| WHAT THE EXERCISE ASKS |
Your task is to repeat all of the data exactly while excluding the pictures.

| DATA BLOCK |
————————
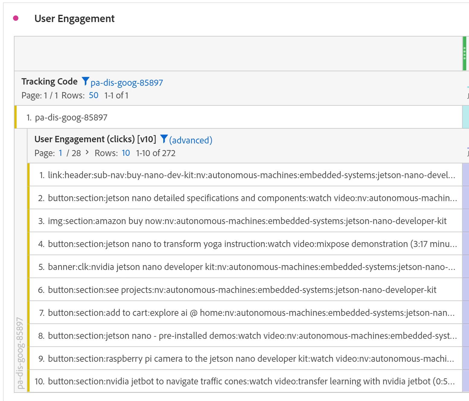 I am using User Engagement (clicks)(v10) to see what visitors click on a webpage. However, each link/button come as a long text form (see following picture) that make it so hard to understand which particular link/button is it on the webpage.
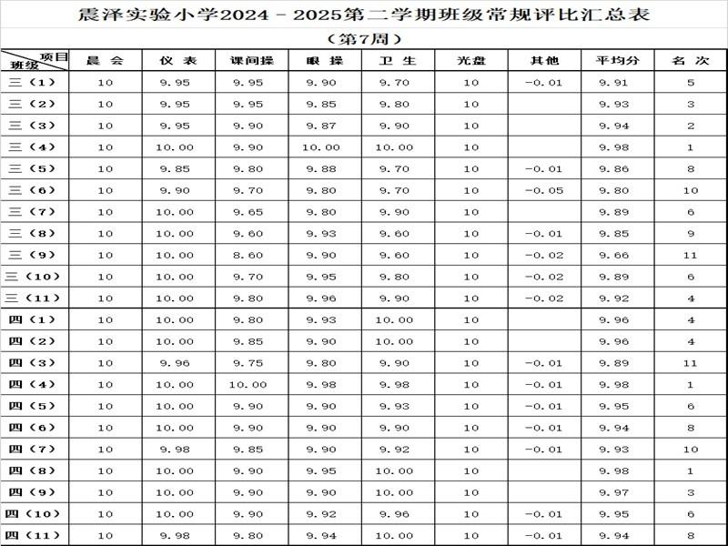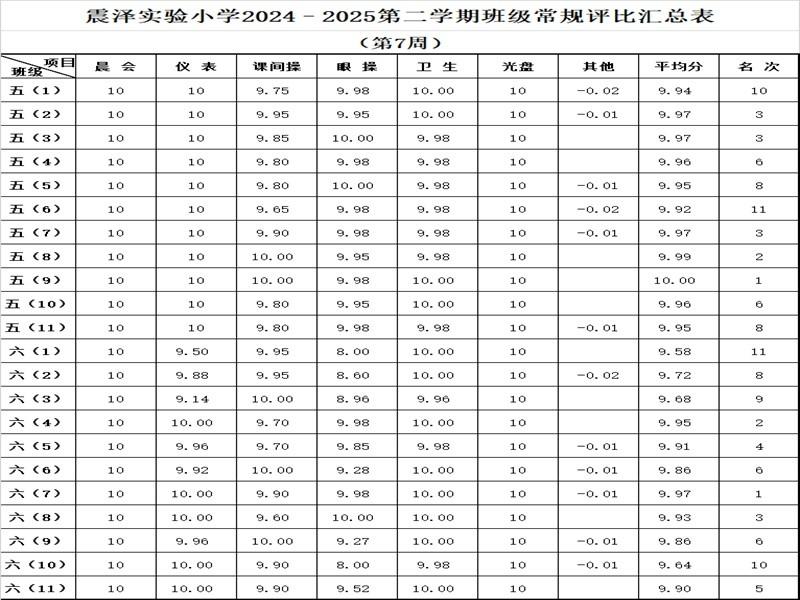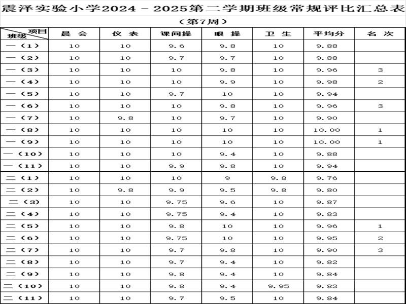 震泽实验小学2024–2025第二学期班级常规评比汇总表(第7周)
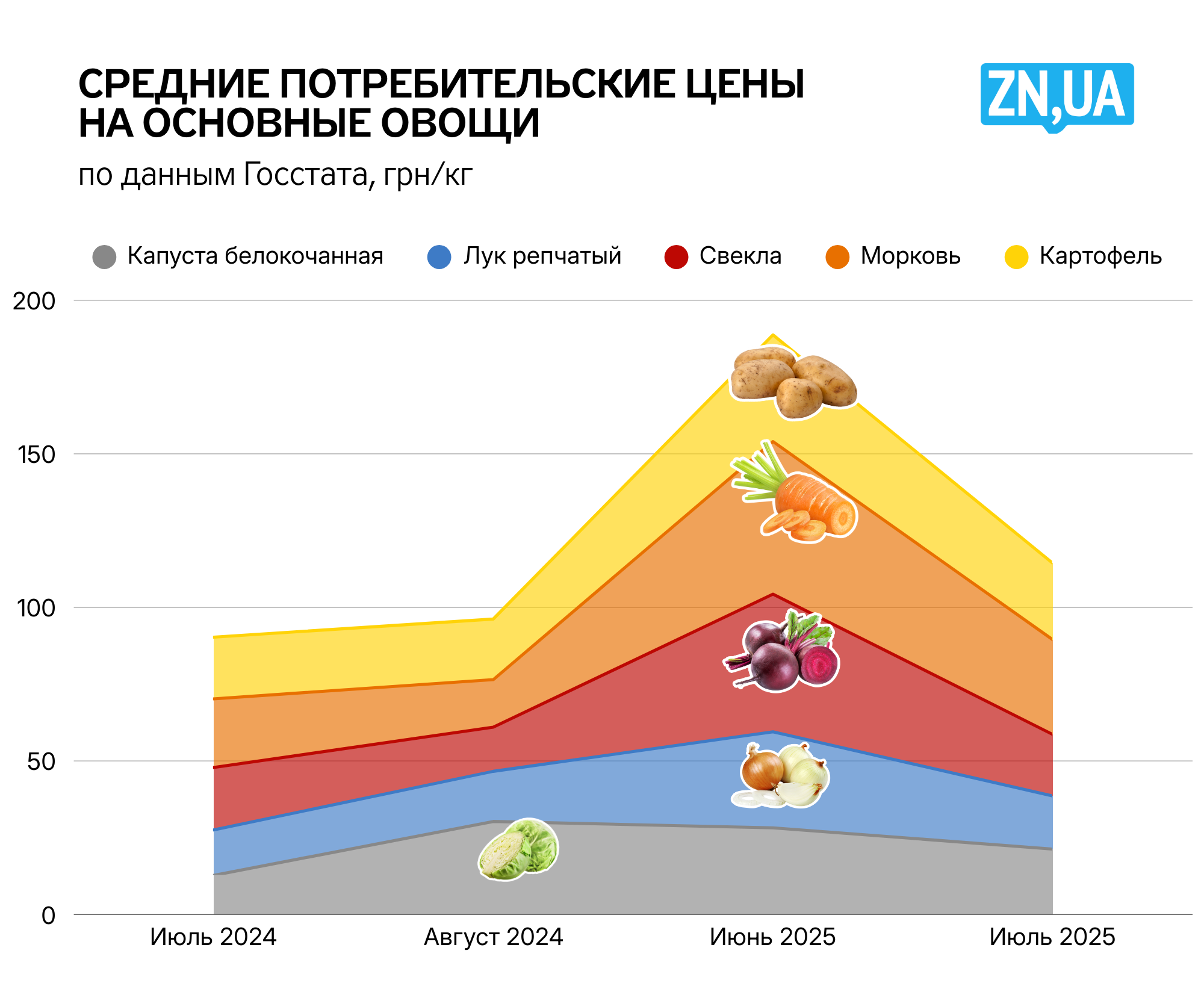 Капуста — 15–17 грн/кг, свекла и лук — от 9 грн/кг, морковь — 12 грн/кг и выше. Овощи/фрукты более дешевые в августе 2025-го по сравнению с июнем. Если сравнивать январь—июль 2025 года с январем—июлем 2024-го, то цены, к сожалению, выше на треть.
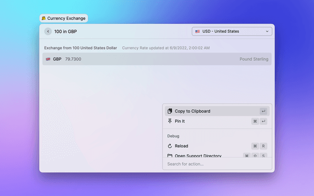 There's a currency exchange function out of box in Raycast's Calculator. You can type like 12 usd in gbp to show the currency exchange result. In some case, when you exactly know the currency code, it works fine, but it still has some challanges:
————————
| THE ANSWER |
 I am using User Engagement (clicks)(v10) to see what visitors click on a webpage. However, each link/button come as a long text form (see following picture) that make it so hard to understand which particular link/button is it on the webpage.
 震泽实验小学2024–2025第二学期班级常规评比汇总表(第7周)
 Капуста — 15–17 грн/кг, свекла и лук — от 9 грн/кг, морковь — 12 грн/кг и выше. Овощи/фрукты более дешевые в августе 2025-го по сравнению с июнем. Если сравнивать январь—июль 2025 года с январем—июлем 2024-го, то цены, к сожалению, выше на треть.
 There's a currency exchange function out of box in Raycast's Calculator. You can type like 12 usd in gbp to show the currency exchange result. In some case, when you exactly know the currency code, it works fine, but it still has some challanges:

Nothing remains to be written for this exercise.